Start of AVAILABLE DATA

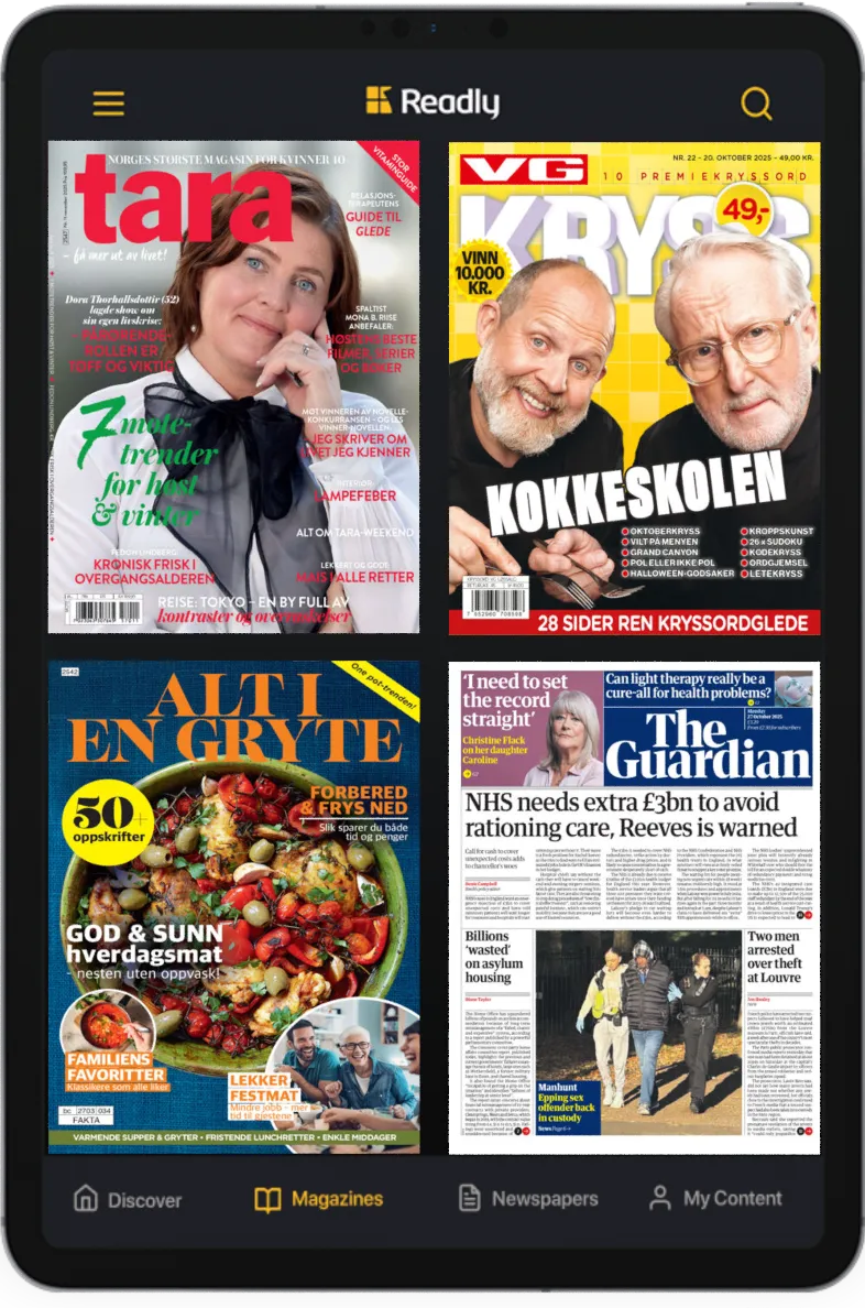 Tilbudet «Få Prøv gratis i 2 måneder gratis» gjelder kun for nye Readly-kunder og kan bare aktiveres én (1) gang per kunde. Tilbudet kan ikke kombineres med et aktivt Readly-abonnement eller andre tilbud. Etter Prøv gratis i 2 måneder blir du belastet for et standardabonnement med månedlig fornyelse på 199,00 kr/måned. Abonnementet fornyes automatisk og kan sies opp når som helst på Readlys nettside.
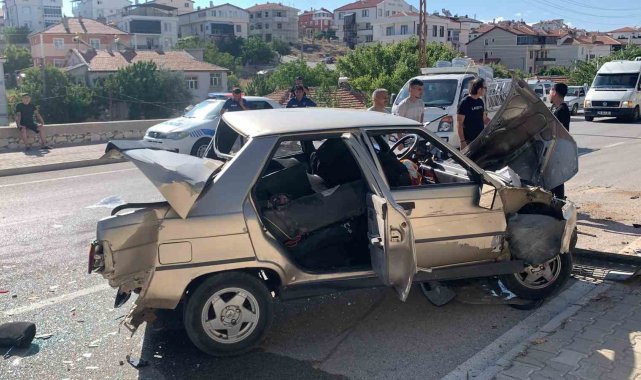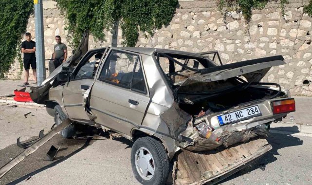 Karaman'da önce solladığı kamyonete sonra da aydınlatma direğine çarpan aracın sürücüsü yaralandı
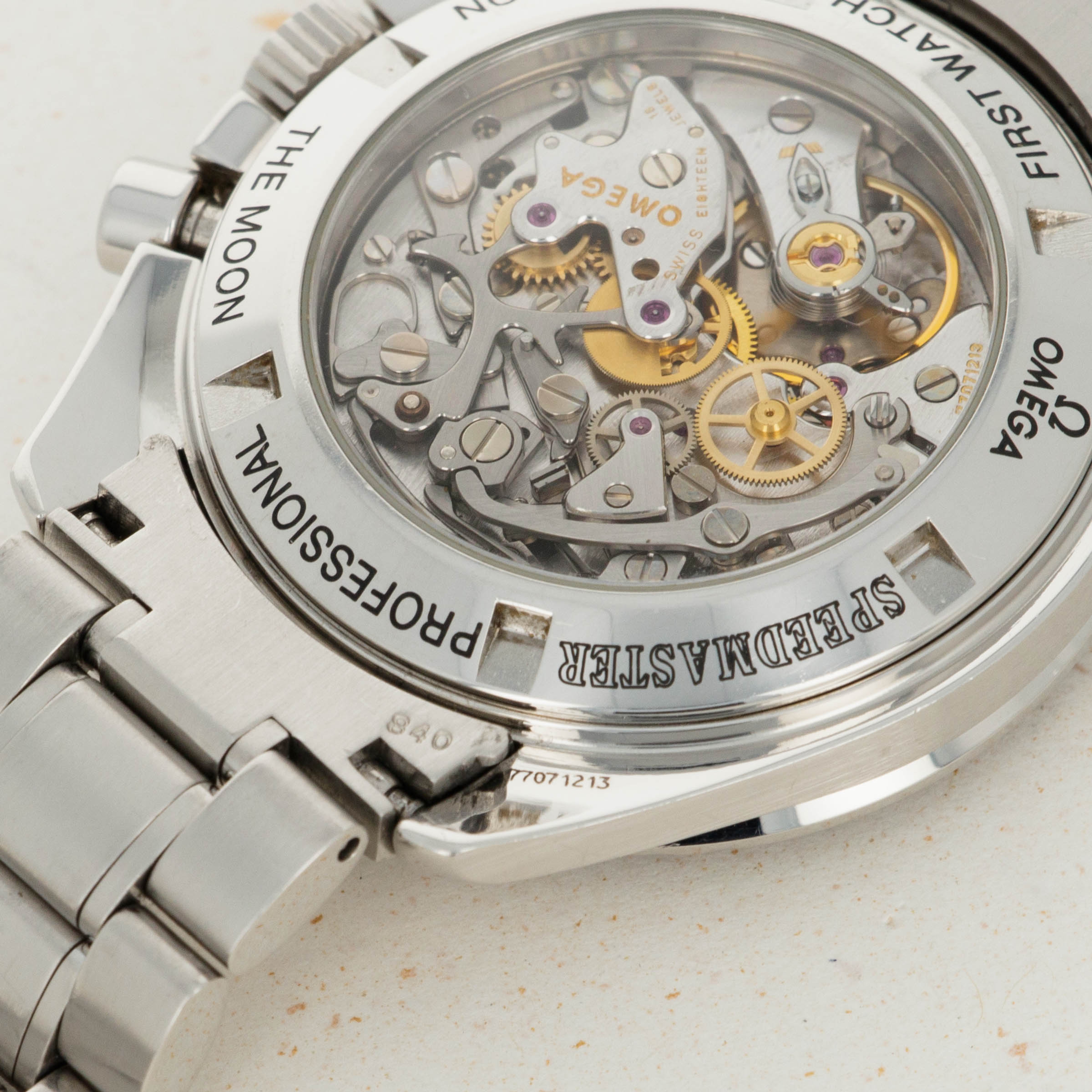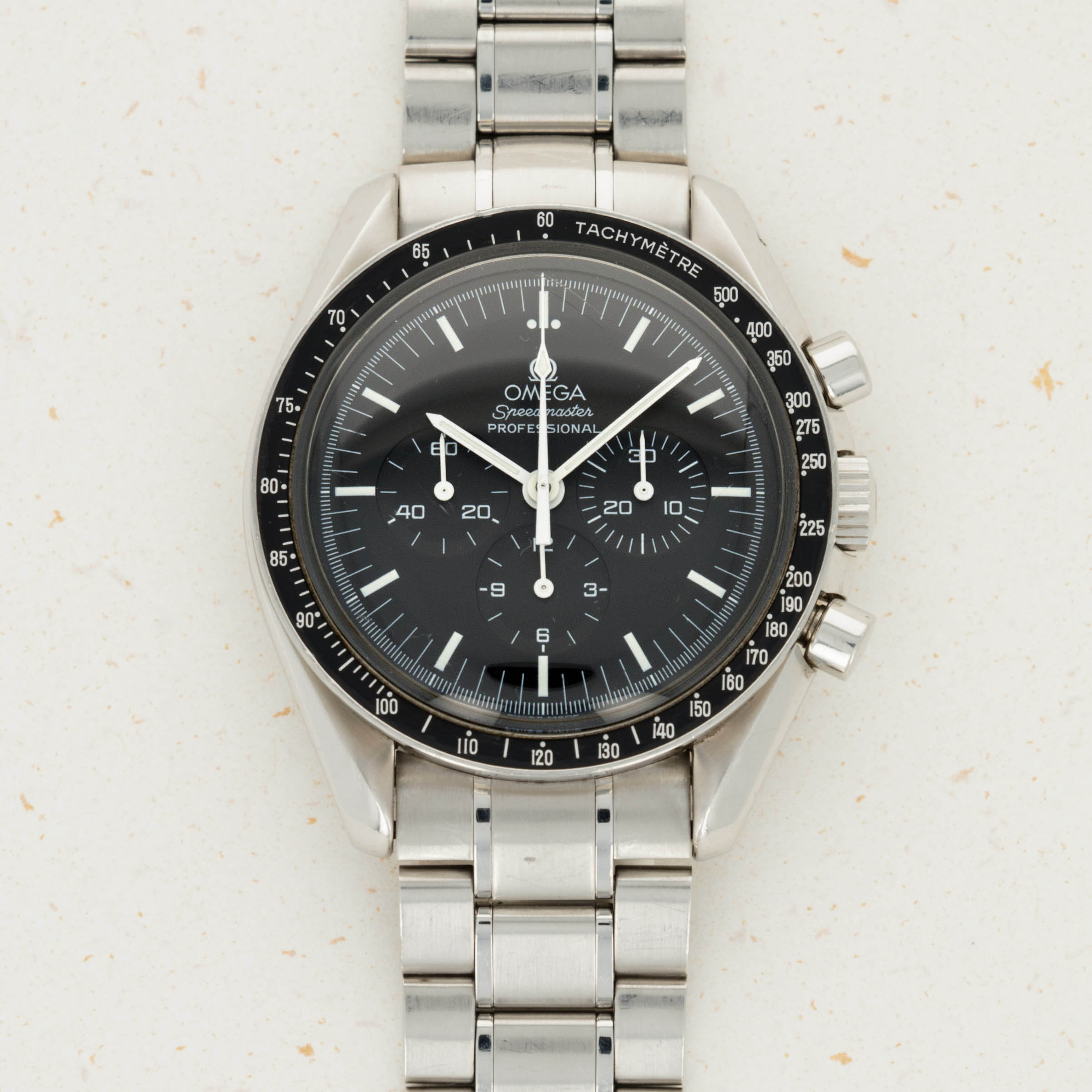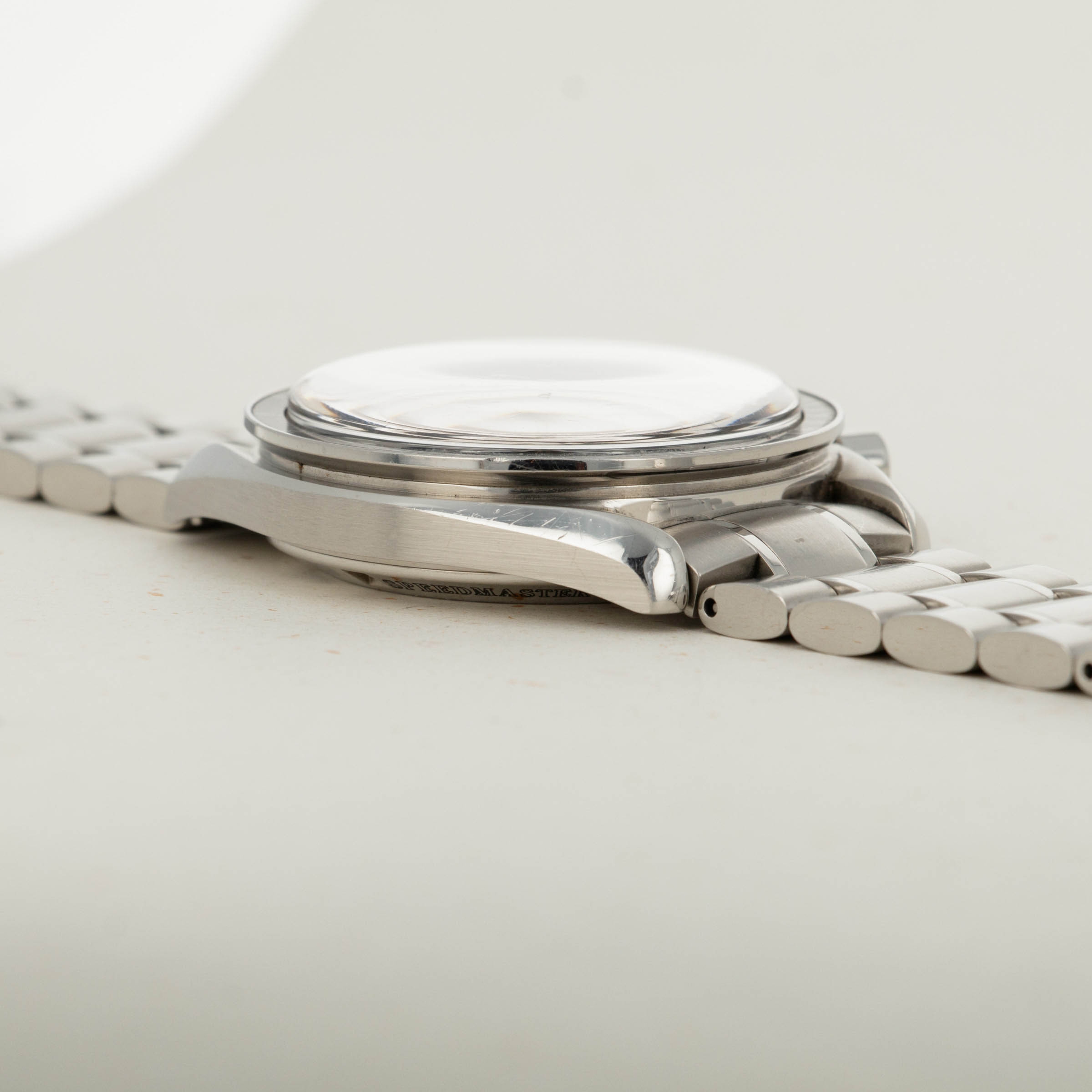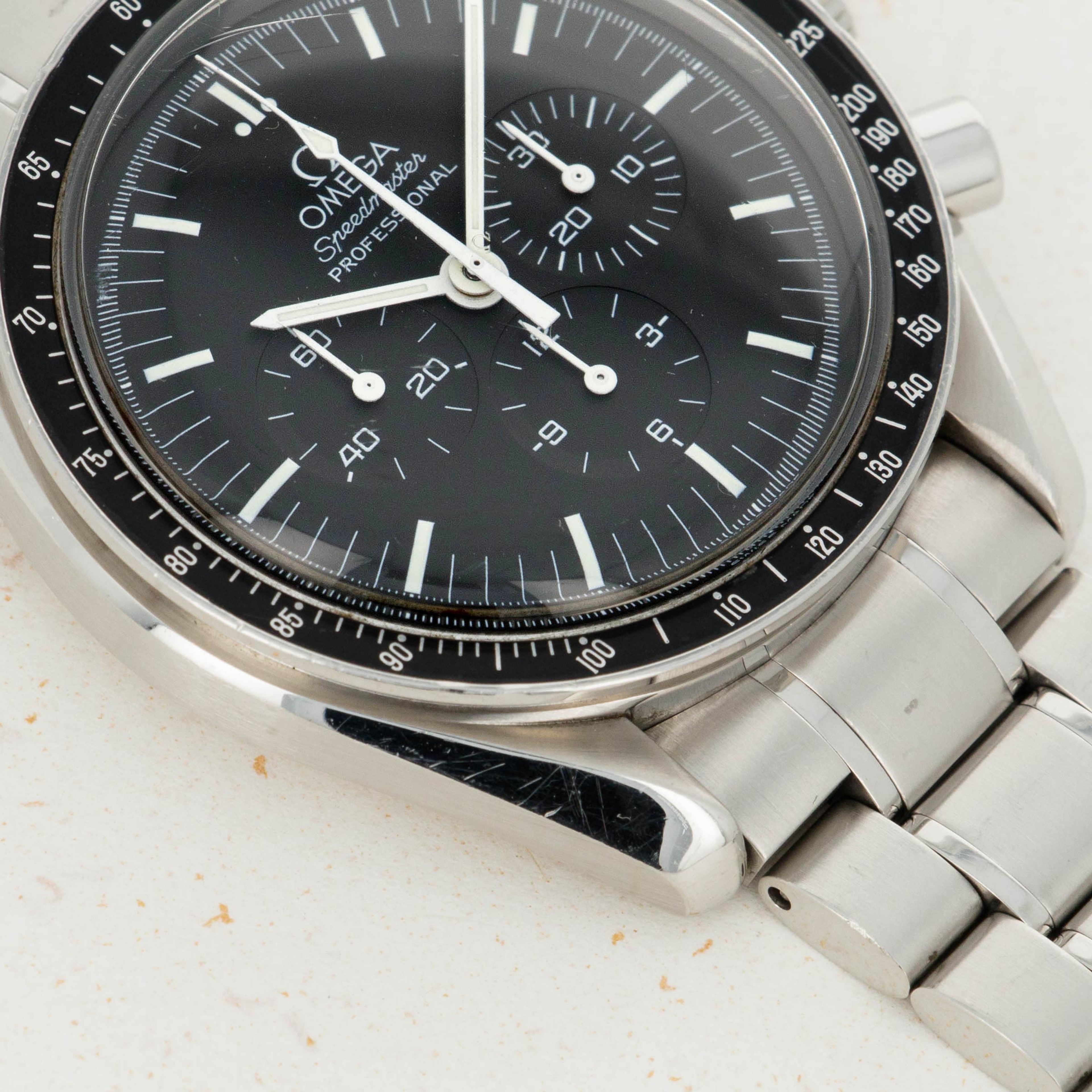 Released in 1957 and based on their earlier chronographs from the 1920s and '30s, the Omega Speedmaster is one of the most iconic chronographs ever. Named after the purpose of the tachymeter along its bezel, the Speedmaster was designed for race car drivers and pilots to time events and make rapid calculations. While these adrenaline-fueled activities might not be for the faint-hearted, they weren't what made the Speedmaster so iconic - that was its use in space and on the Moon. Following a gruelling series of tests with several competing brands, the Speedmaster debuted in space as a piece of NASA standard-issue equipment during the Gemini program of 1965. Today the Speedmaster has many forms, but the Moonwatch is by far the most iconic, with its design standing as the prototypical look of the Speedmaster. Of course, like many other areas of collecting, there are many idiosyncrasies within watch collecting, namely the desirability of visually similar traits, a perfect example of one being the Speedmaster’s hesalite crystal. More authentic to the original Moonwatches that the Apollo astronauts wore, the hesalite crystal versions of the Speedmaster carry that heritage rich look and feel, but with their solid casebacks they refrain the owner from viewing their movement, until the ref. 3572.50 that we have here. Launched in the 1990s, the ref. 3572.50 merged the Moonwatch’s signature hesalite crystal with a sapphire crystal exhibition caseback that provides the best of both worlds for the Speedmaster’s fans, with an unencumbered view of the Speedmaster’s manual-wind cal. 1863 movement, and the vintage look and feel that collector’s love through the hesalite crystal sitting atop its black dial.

End of AVAILABLE DATA

• [ASSIGNMENT]: The pictures alone are to be left out when the data above is copied; all else must match exactly.

• [EXERCISE ANSWER]:
 Tilbudet «Få Prøv gratis i 2 måneder gratis» gjelder kun for nye Readly-kunder og kan bare aktiveres én (1) gang per kunde. Tilbudet kan ikke kombineres med et aktivt Readly-abonnement eller andre tilbud. Etter Prøv gratis i 2 måneder blir du belastet for et standardabonnement med månedlig fornyelse på 199,00 kr/måned. Abonnementet fornyes automatisk og kan sies opp når som helst på Readlys nettside.
 Karaman'da önce solladığı kamyonete sonra da aydınlatma direğine çarpan aracın sürücüsü yaralandı
 Released in 1957 and based on their earlier chronographs from the 1920s and '30s, the Omega Speedmaster is one of the most iconic chronographs ever. Named after the purpose of the tachymeter along its bezel, the Speedmaster was designed for race car drivers and pilots to time events and make rapid calculations. While these adrenaline-fueled activities might not be for the faint-hearted, they weren't what made the Speedmaster so iconic - that was its use in space and on the Moon. Following a gruelling series of tests with several competing brands, the Speedmaster debuted in space as a piece of NASA standard-issue equipment during the Gemini program of 1965. Today the Speedmaster has many forms, but the Moonwatch is by far the most iconic, with its design standing as the prototypical look of the Speedmaster. Of course, like many other areas of collecting, there are many idiosyncrasies within watch collecting, namely the desirability of visually similar traits, a perfect example of one being the Speedmaster’s hesalite crystal. More authentic to the original Moonwatches that the Apollo astronauts wore, the hesalite crystal versions of the Speedmaster carry that heritage rich look and feel, but with their solid casebacks they refrain the owner from viewing their movement, until the ref. 3572.50 that we have here. Launched in the 1990s, the ref. 3572.50 merged the Moonwatch’s signature hesalite crystal with a sapphire crystal exhibition caseback that provides the best of both worlds for the Speedmaster’s fans, with an unencumbered view of the Speedmaster’s manual-wind cal. 1863 movement, and the vintage look and feel that collector’s love through the hesalite crystal sitting atop its black dial.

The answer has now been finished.